When you write these things into a table it's very difficult if not impossible to see unless you've got really big steps or really big inconsistencies, it's very difficult to see how smooth that relationship is. While we'll have a non linear relationship which is what we see because we've got this, you can see a little bit of a curve to this line here, we expect a non linear relationship because we're using all these non linear quantities. We've got multiple arcs, everything's moving through in there. But even though it's non linear, what we really care about is that it's smooth because being smooth means we can linearly interpolate safely between any of those points. So if we map the voltage to the displacement, then no matter which voltage we have we can be confident that we've got a pretty good approximation of the displacement that we're actually measuring on the car.

So that's it for the electrical calibration. The process is exactly the same regardless whether you're using a linear sensor or whether you're using a rotary sensor, you're always going to measure the electrical output and that's the electrical output that the dash is seeing and then you're going to relate that back in terms of mechanical travel that you're seeing in the first instance, usually at the damper itself.
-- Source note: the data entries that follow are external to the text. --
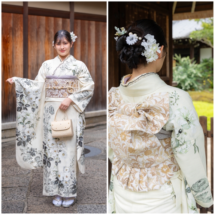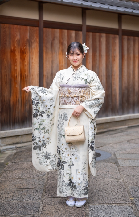 成人式で着る物ほどきらびやかで無く,程よい落ち着いた雰囲気の色柄で、京都の美しい街並みの中に自然と溶け込むデザインとなっています。観光の際にも、周囲の景色と調和しつつ、特別な日の装いとして華やかさを添えることができます。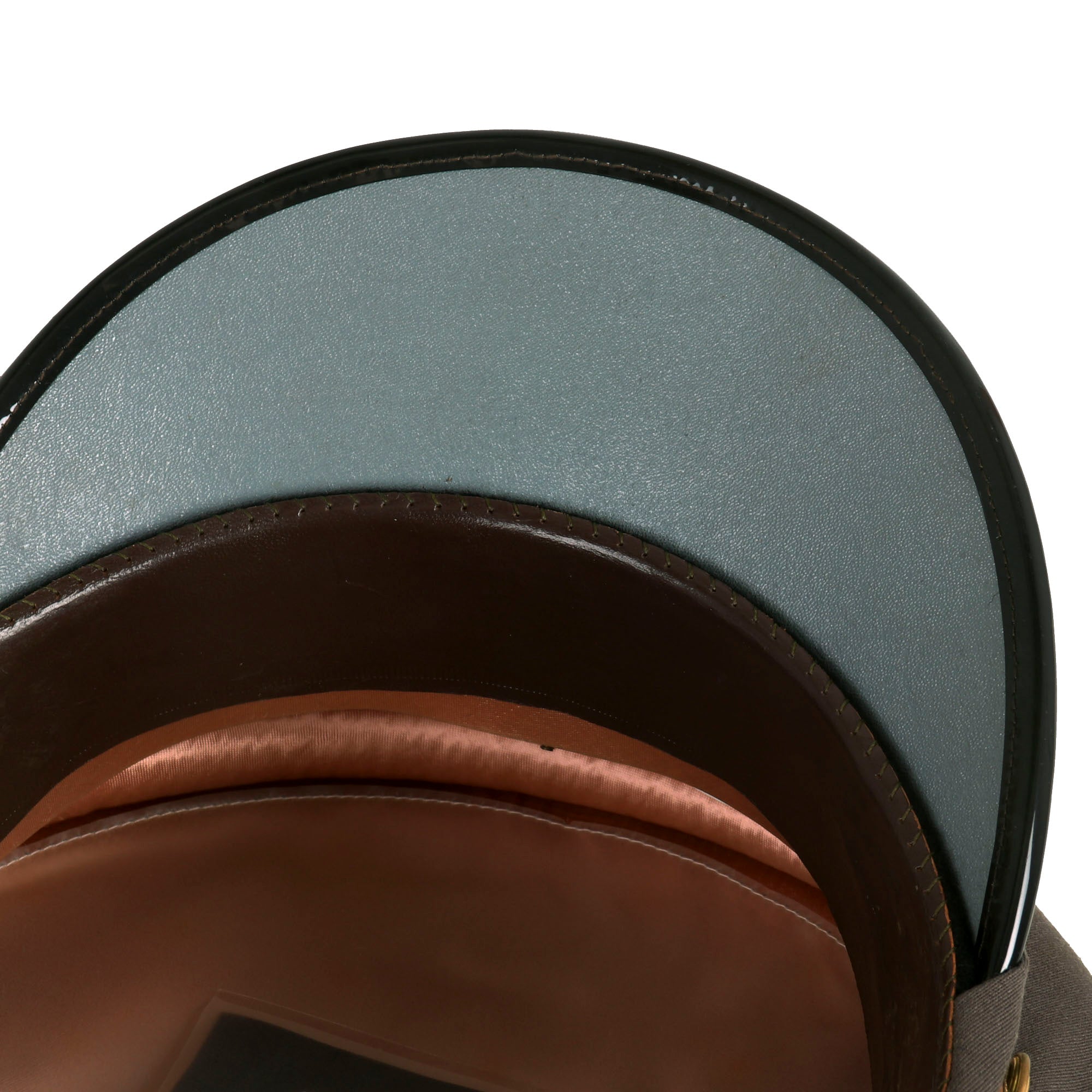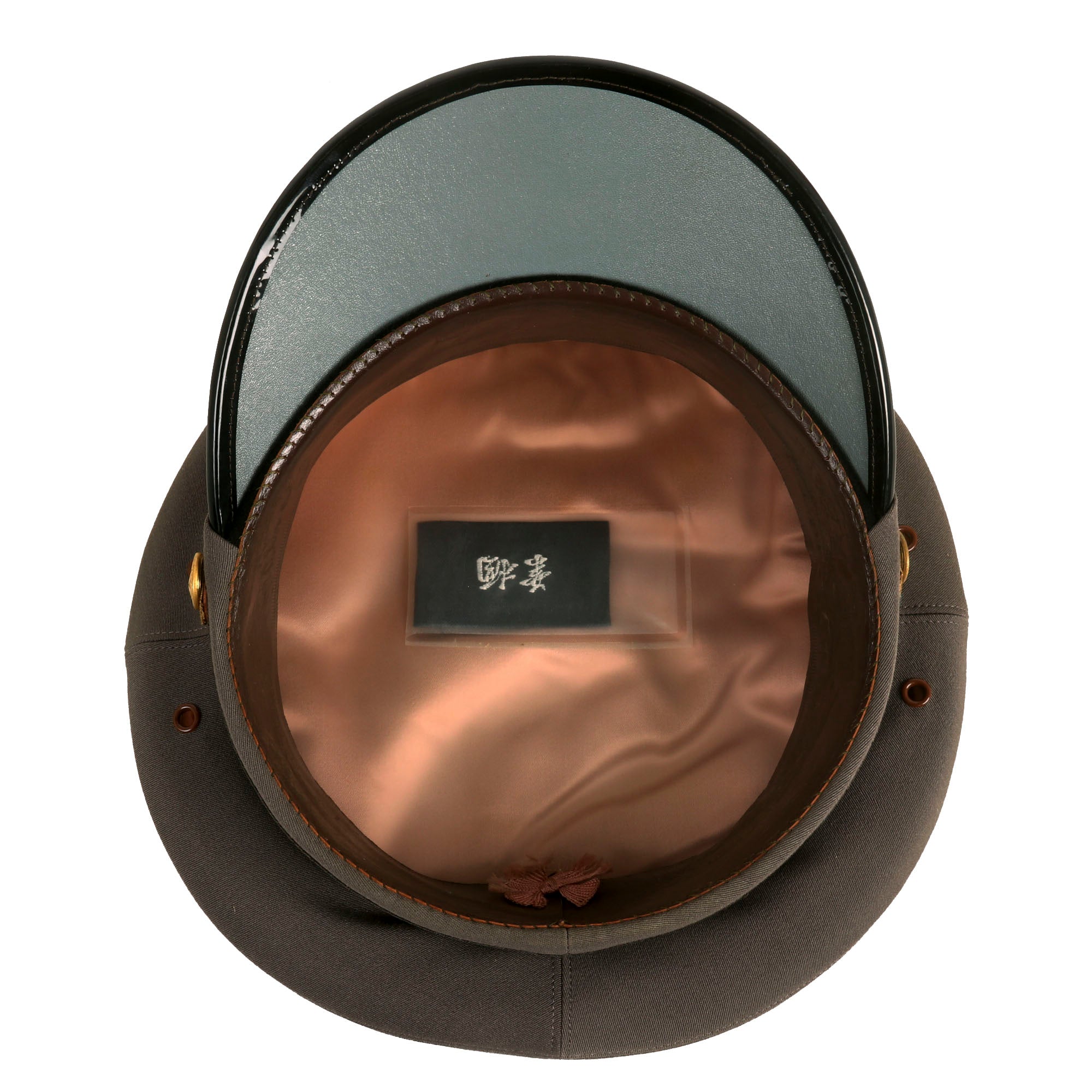 The interior of the visor is lined with a high-quality cream-colored cotton that feels smooth to the touch. A plastic / vinyl lining on top of the cotton provides added protection and durability. Additionally, the visor features a small label on the interior pocket, which, although not translated yet, adds to the historical value of this unique piece. It looks to be in Japanese "Sosho" script, or grass writing, which is unfortunately very difficult to transcribe. Size is about 56cm / 7 or smaller.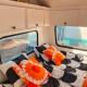 Guests will have a special experience as this mobile home features a sauna. The mobile home offers a private entrance, a seating area, as well as a shared bathroom featuring a shower and a hairdryer. The mobile home provides a dining area, a wardrobe, an electric kettle, as well as outdoor furniture. The unit offers 2 beds.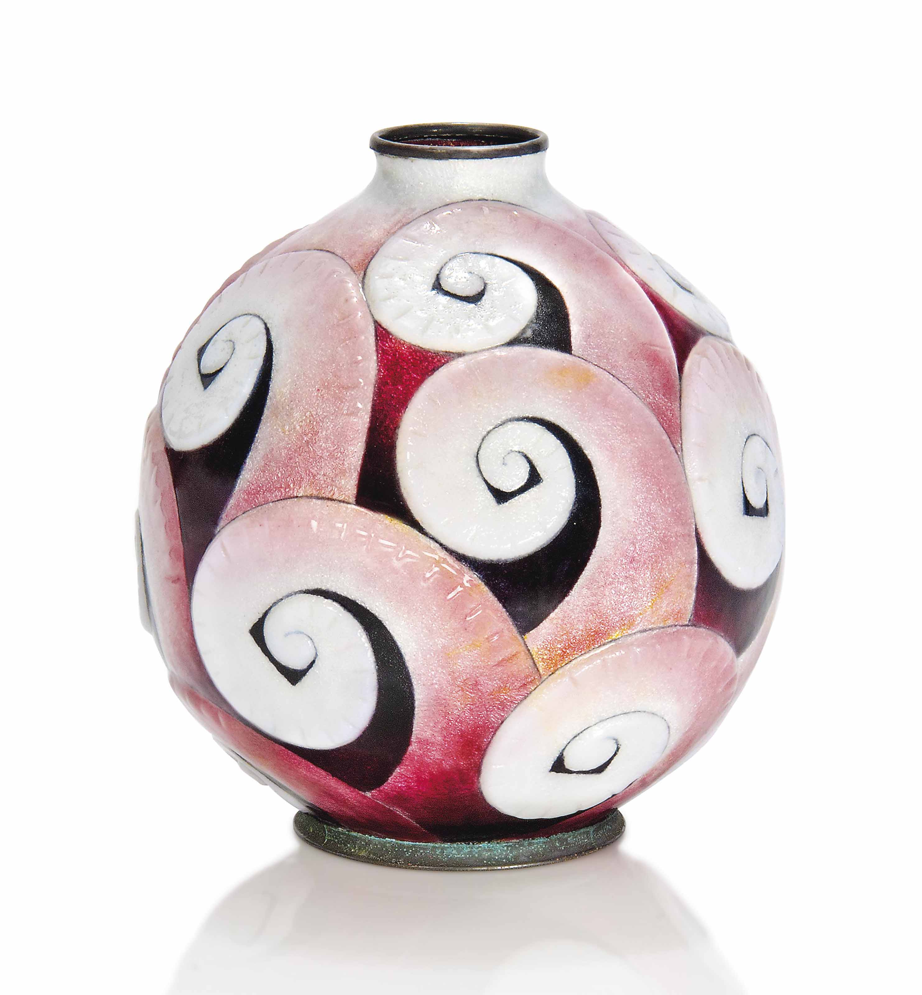 AN ART DECO COPPER AND ENAMEL VASE BY CAMILLE FAURE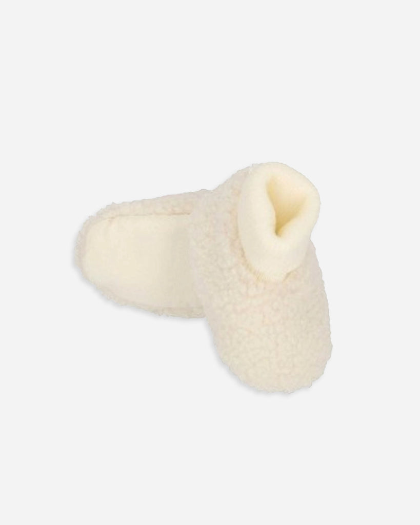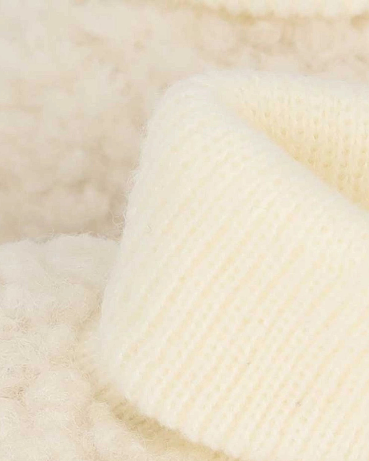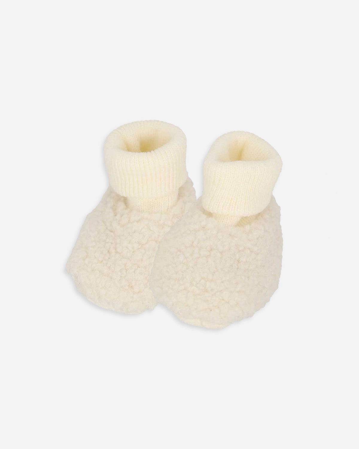 Ces chaussons bébé en bouclette écru sont un véritable cocon de douceur pour les petits pieds. Leur forme montante enveloppe délicatement la cheville, offrant chaleur et maintien tout en laissant bébé libre de ses mouvements. Confectionnés dans une matière moelleuse et respirante, ils allient confort et praticité au quotidien. Leur teinte écrue, douce et naturelle, s’accorde facilement avec toutes les tenues, pour un look aussi tendre qu’élégant.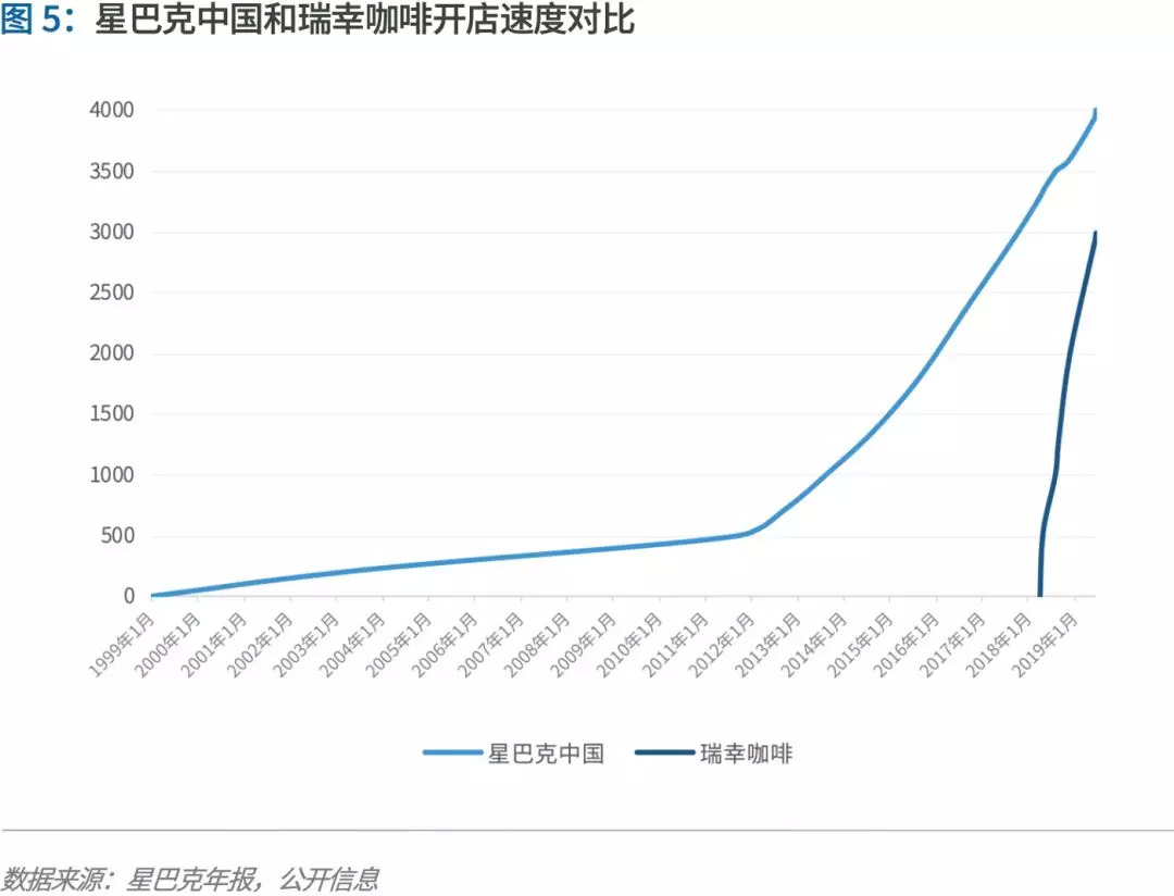 瑞幸咖啡是快消饮品领域新物种的典型代表。从2018年5月正式开始营业,到2019年5月登陆纳斯达克,再到2019年7月门店数量达到3,000家,与咖啡连锁巨头星巴克的开店速度对比,瑞幸咖啡走出了一条非常陡峭的增长曲线。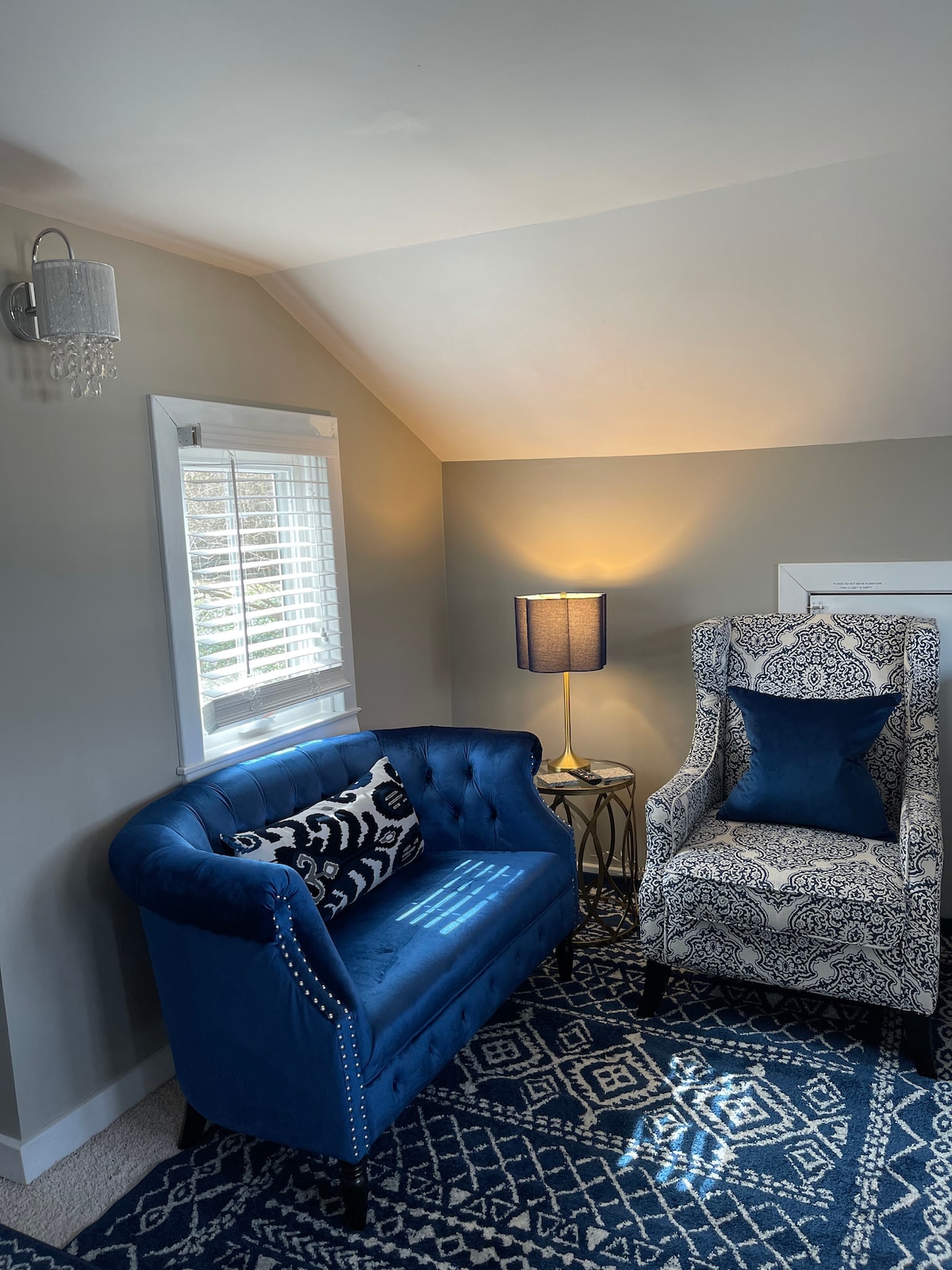 A charming French-inspired studio just steps from downtown Saugatuck. Enjoy a spacious one-room layout with a luxurious bathroom, wet bar, cozy seating area, smart TV, high-speed Wi-Fi, and dedicated dining/workspace—plus on-site parking and washer/dryer access.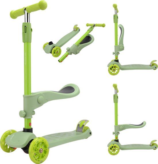 Cabino Kinderstep Met 3 Wielen - Inklapbaar & Met Zitting - Olijfgroen - Steppers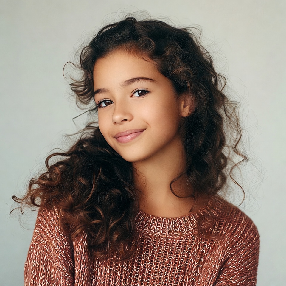 Multiracial, beautiful girl, brown hair, child portrait, close-up, curly hair, female, gentle smile, happy expression, knit sweater, light background, portrait, rust sweater, smiling girl, sweater, wavy hair, young girl, girl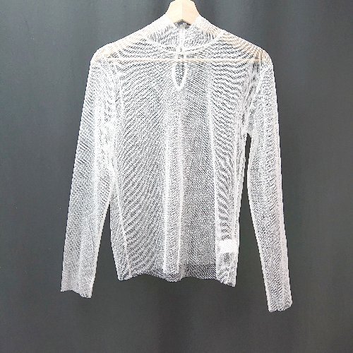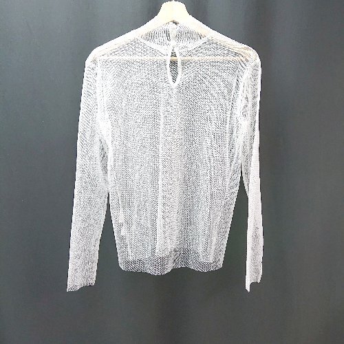 ◇ JEANASiS バックボタン ハイネック 透け感あり 長袖 ブラウス サイズFREE ホワイト レディース E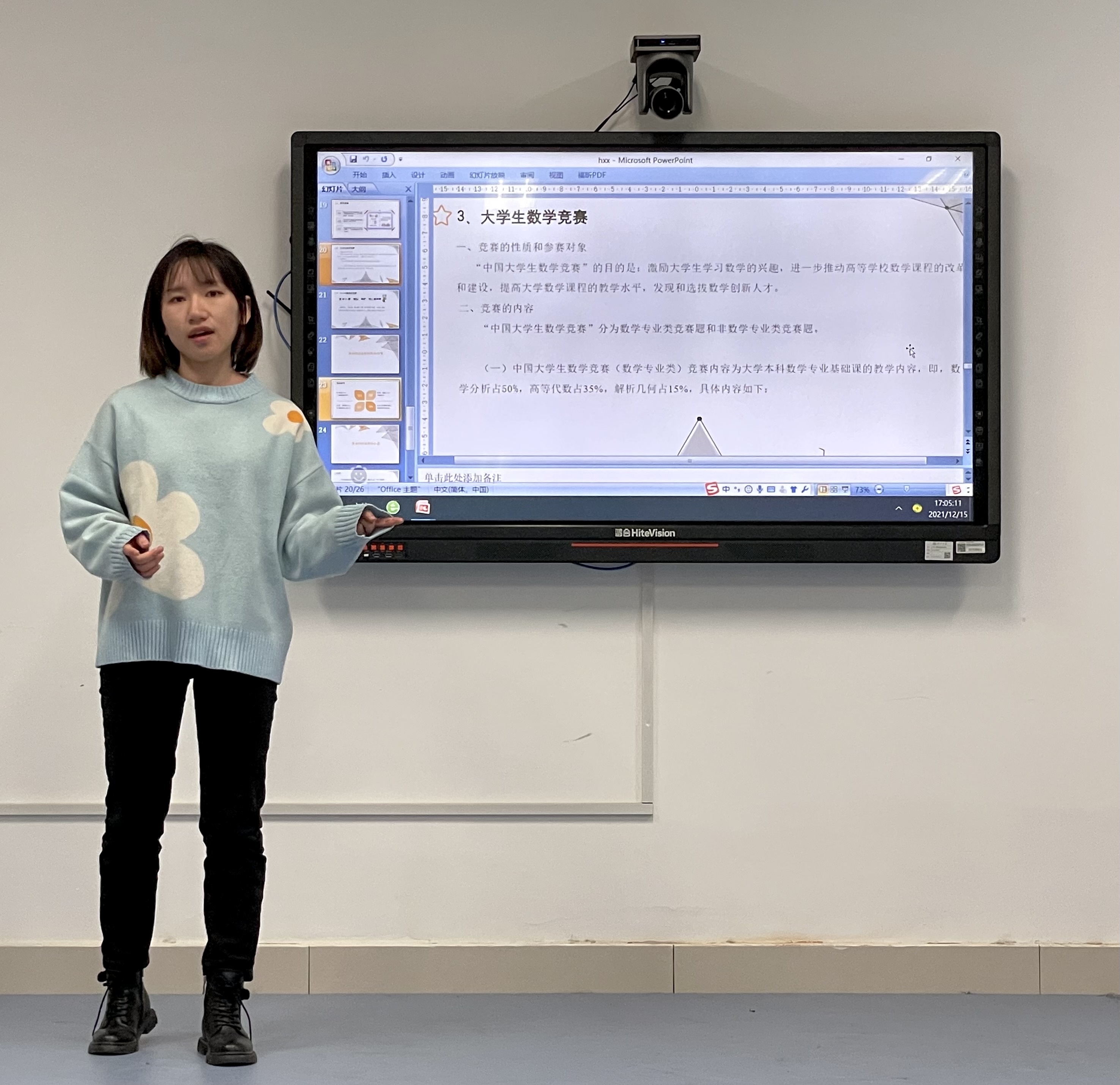 2018级数学与应用数学专业本科生胡香茜同学,曾先后参加多次数学建模校赛、国赛、美赛、大学生数学竞赛,并主持了一项国创,参与了一项省创。她分别从保研加分、考研复试、工作面试、结交好友、熟络老师、提高软实力等六个方面科创竞赛的优点出发,勉励大家要多多参加科创竞赛。最后她结合自己参加竞赛的经历,告诫大家参赛过程中应注意保持良好的心态。

Now we've got a way of when we log the data inside our logger, we're not going to be logging voltage, we're going to be logging a position. And that's going to be a suspension position and because we've mapped it back to how much damper's moving, that's telling us, that means that we've got damper travel is what we're actually measuring, rather than wheel travel. Now what we need to do next is calibrate that back to wheel travel.

So again there's a couple of different ways we can do that but what we're looking for is to define a mathematical relationship between how much the damper is moving and how much the wheel is changing and something like a double a arm suspension, where you've got the damper on quite a different motion ratio or moving quite a different amount to how much the wheel is moving, you're going to get quite a different relationship, it's not going to be a 1:1 ratio. So what do I mean by that? Again I'm going to just do a little sketch here, so if we've got our wheel looking from the front and we've got let's say for argument's sake, we've got our control arm like this and we've got our damper, let's say for argument's sake our damper is mounted at this point here on some relatively extreme angle which you might see in some single seater, particularly older single seaters and stuff like that. So let's say we've mapped our, I should say, I said this was for an extreme case but it doesn't matter, every car is going to have some different amount of motion ratio regardless of how this is laid out as in how much movement we get at the wheel versus how much movement we get at the damper and the important thing to understand about this as well is it's not, often it's not linear. Usually we can, if it's close to linear we can use a constant or linear approximation to it but in many cases it's not, it's not linear and what I mean by that is the motion ratio we get when we're at one end of the travel is quite different to what we get at the other end of the travel. But what we're typically doing here when we measure the motion ratio between the wheel and the damper is we're going to have the suspension at full droop and really similar to what we did when we calibrated the damper, we're going to jack the suspension up in steps so let's say that's our total suspension travel.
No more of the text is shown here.